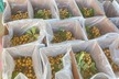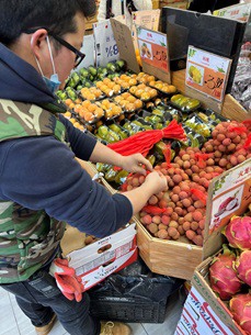 Derecha: embolsado de lichis sudafricanos en el acto en una tienda especializada asiática en Flushing, Nueva York.
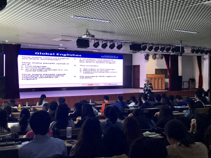 10月29日,英国哈德斯菲尔德大学Ann Harris教授来访,并在六栋学术报告大厅举行了《Global Englishes and learning for life》讲座。
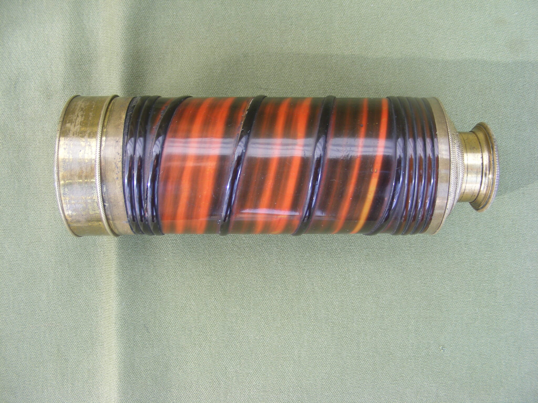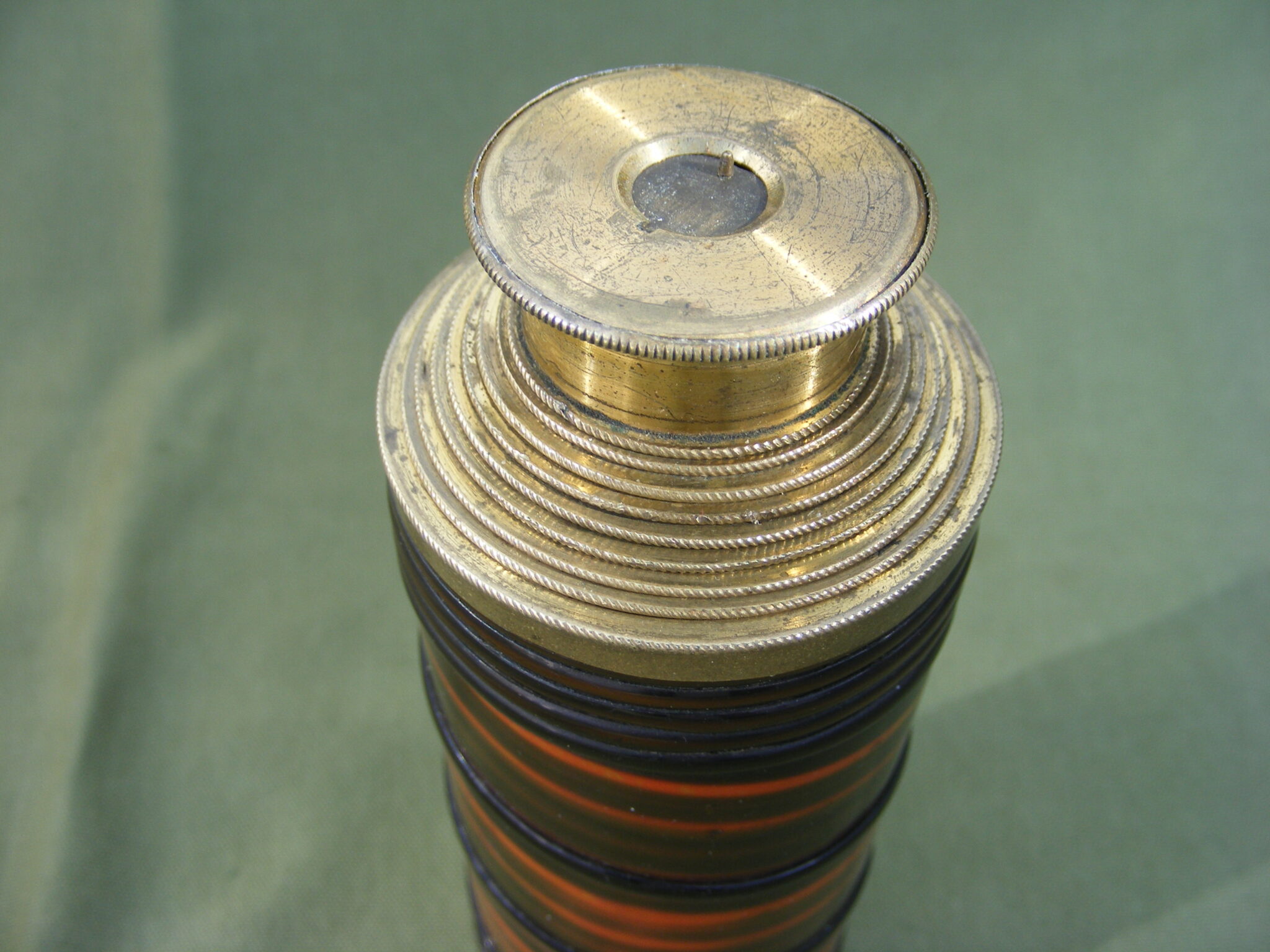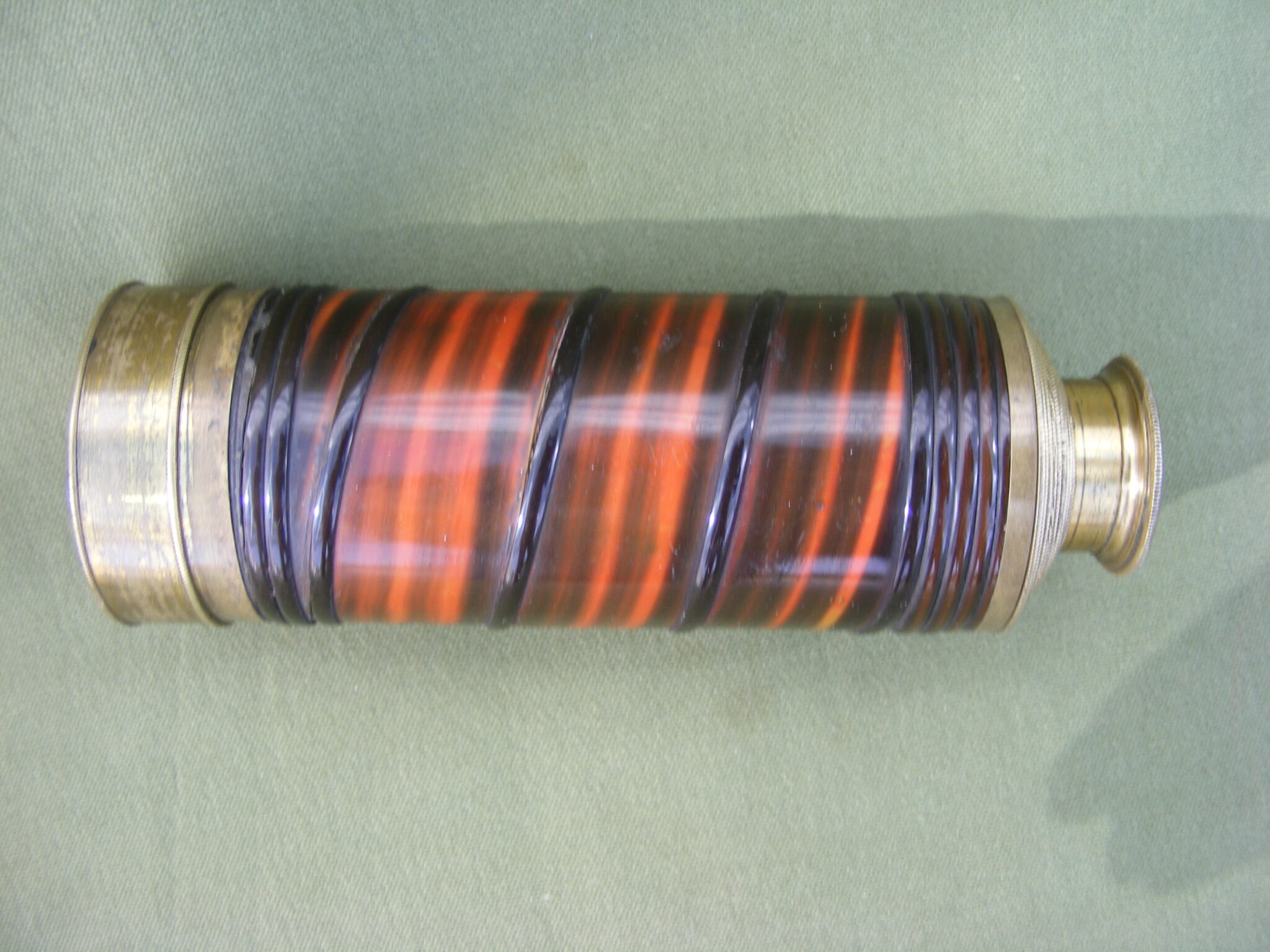 VERY GOOD EXAMPLE OF ADAMS EIGHT DRAW TELESCOPE COVERED IN VERY ATTRACTIVE COLOURED BALEEN. SIGNED: ADAM'S NEW PATENT PORTABLE TELESCOPE. 60 FLEET STREET, LONDON. CLOSED 5.1/2" OPEN 29" INCHES.

# # #

→ **Assigned task**:
Output the listing word for word. Drop the pictures.

→ **Solution for this problem**:
 Derecha: embolsado de lichis sudafricanos en el acto en una tienda especializada asiática en Flushing, Nueva York.
 10月29日,英国哈德斯菲尔德大学Ann Harris教授来访,并在六栋学术报告大厅举行了《Global Englishes and learning for life》讲座。
 VERY GOOD EXAMPLE OF ADAMS EIGHT DRAW TELESCOPE COVERED IN VERY ATTRACTIVE COLOURED BALEEN. SIGNED: ADAM'S NEW PATENT PORTABLE TELESCOPE. 60 FLEET STREET, LONDON. CLOSED 5.1/2" OPEN 29" INCHES.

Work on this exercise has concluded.